In much the same way that the big-screen thrill of a projector can give a more exciting experience than an average sized TV, so it is with floorstanding speakers versus their standmount counterparts.
The audio sense of more air being moved around by the extra drivers and bigger cabinets brings our excitement up a notch every time, which is why we always look forward to trying out new floorstanders when they come into the shop. Such a pair of speakers this time round is the Bowers & Wilkins 603 and their reputation precedes them with 5 star reviews from What HiFi and HiFi News.

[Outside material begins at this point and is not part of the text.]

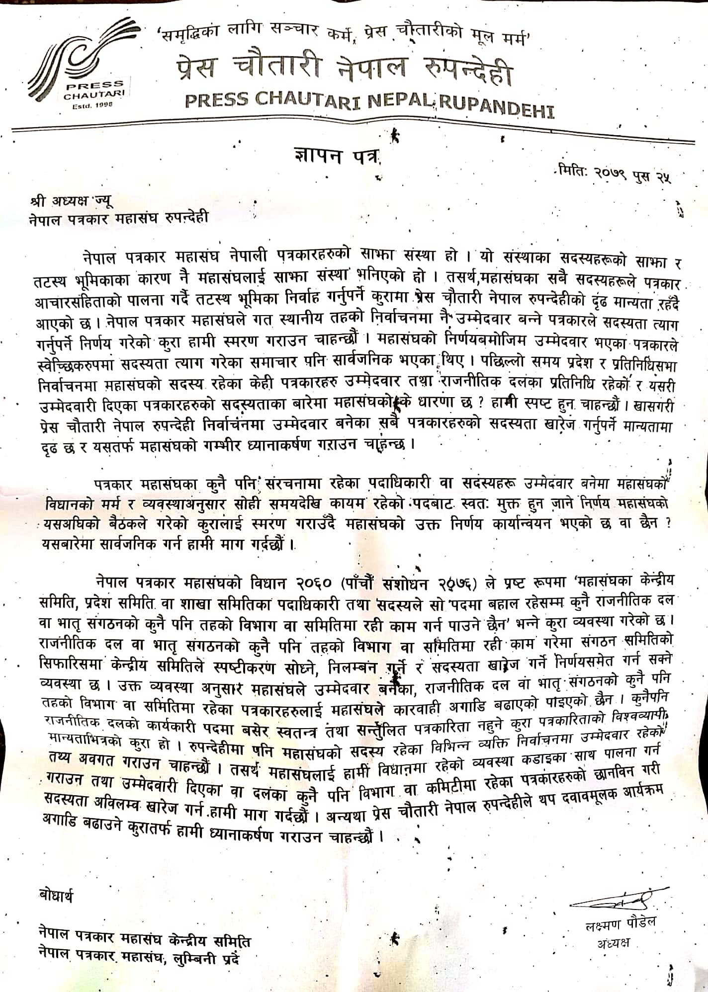 रुपन्देहीमा पनि महासंघको सदस्य रहेका विभिन्न व्यक्ति निर्वाचनमा उम्मेदवार रहेको भन्दै चौतारीले महासंघलाई विधानमा रहेको व्यवस्था कडाइका साथ पालना गर्न÷गराउन तथा उम्मेदवारी दिएका वा दलका कुनै पनि विभाग वा कमिटीमा रहेका पत्रकारहरुको छानबीन गरी सदस्यता अविलम्ब खारेज गर्नुपर्ने चौतारीको माग छ । अन्यथा प्रेस चौतारी नेपाल, रुपन्देहीले थप दबाबमुलक कार्यक्रम अगाडि बढाउने चेतावनी समेत दिएको छ ।

Like the 606 standmounts that we’ve already checked out, the 603 feature the “Decoupled Double Dome” tweeter and the beautiful silver coloured “Continuum” cone 6.5 inch midrange driver but make the addition of two new paper bass woofers lower down. Unlike the majority of floorstanders available that use little “feet” splayed out from the bottom of the speaker, the 603 utilises a wide and flat baseplate making the speakers very stable indeed. This, coupled with the rear port, means that you may need a little extra space than perhaps you’d envisage when placing them in your room. At 105.5cm high with the plinth attached these are nicely sized floorstanders – not so small as to not get a reasonable weighty sound but not so big that they’ll look like an eyesore in your house.
We decided to hook up the 603 to a Cambridge Audio CXA81 amplifier with a constant Internet Radio stream from a matching Cambridge Audio CXN to run the speakers in, we were then ready to move the system into our demo room and find out exactly what they were capable of. The first track was “ZABA” by Glass Animals courtesy of our account with Tidal and once the intro kicks in we’re treated to a thick but controlled bass rhythm that’s soon joined by the many layers and effects. All together this gives us a wonderful sense of scale whilst maintaining the focus and clarity of the busy recording. It’s when the main chorus kicks in after a teasing build up though that you really get an idea of how much power the 603 can deliver but all the while keeping a strong grip on the energy of the tune.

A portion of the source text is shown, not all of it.